Marriage of Eklund v. Eklund

378 N.W.2d 127, 1985 Minn. App. LEXIS 4839
CourtCourt of Appeals of Minnesota
DecidedDecember 17, 1985
DocketC2-85-844
StatusPublished

This text of 378 N.W.2d 127 (Marriage of Eklund v. Eklund) is published on Counsel Stack Legal Research, covering Court of Appeals of Minnesota primary law. Counsel Stack provides free access to over 12 million legal documents including statutes, case law, regulations, and constitutions.

Bluebook
Marriage of Eklund v. Eklund, 378 N.W.2d 127, 1985 Minn. App. LEXIS 4839 (Mich. Ct. App. 1985).

Opinion

OPINION

SEDGWICK, Judge.

This appeal is from a dissolution judgment which: (1) ruled that the parties’ real estate be sold and the proceeds used to pay debts not discharged by the bankruptcy court; and (2) denied appellant’s motion for maintenance and attorney fees.

FACTS

Patricia Eklund (appellant) and James Eklund (respondent) were married November 25, 1950. They lived in Morris, Minnesota, where respondent operated Ek-lund’s Body Shop and appellant worked at Morris State Bank.

Six months after appellant sued for dissolution, respondent was hospitalized to be treated for cancer.

While in the hospital, respondent signed a stipulation prepared by appellant’s attorney which transferred all respondent’s interest in the parties’ real estate to appellant.
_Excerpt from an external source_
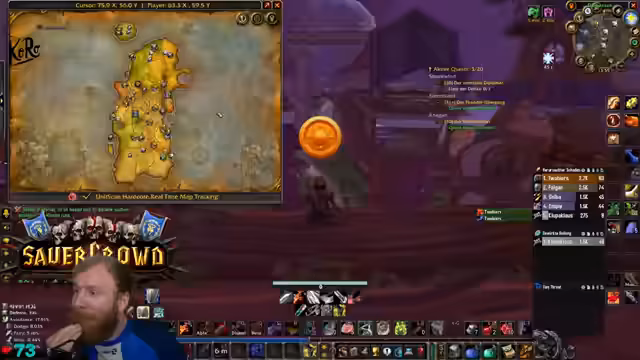 01:22:02Die Gruppe plant, sich zu verteilen und in South Shore zu treffen, um dort einen Dungeon zu beginnen. Zuvor werden noch eine Quest abgegeben und Hexenmeister-spezifische Aktionen erledigt. Ein Charakter mit dem Namen Offsi wird erwähnt, der in der Vergangenheit als Warlock-Partner diente. Es wird der Weg zum Hexenmeister-Lehrer im Magierviertel von Stormwind beschrieben und die Schwierigkeiten bei der Orientierung in der Stadt thematisiert. Der Streamer äußert eine Vorliebe für Wärme- und Kälteschaden und sucht nach effektiven Farm-Methoden für Gegner in Loch Modan.

At the same time, respondent signed a quit claim deed transferring the property to appellant.

The property included a house in Morris, the body shop business property, and rental property adjacent to the body shop. The stipulation provided that respondent would assume all of the parties’ debts from the body shop. The existing debts were not itemized in the stipulation.

On June 25, 1982, respondent’s attorney withdrew as counsel upon learning that *129 respondent had signed the stipulation. Immediately after his withdrawal, a default hearing was held.

At the time of the default hearing, respondent was indebted to the Citizens Bank of Morris on an unsecured promissory note in the principal sum of $46,500, and to the State Bank of Cyrus in the sum of $62,000.

The judge who presided at the default hearing later said he was not advised by either the parties or counsel of the nature and extent of the indebtedness, or of the quit claim deeds. Appellant’s attorney claims he told the judge of the existence of unsecured debts. Appellant also claims that she did not jointly apply for those debts with respondent.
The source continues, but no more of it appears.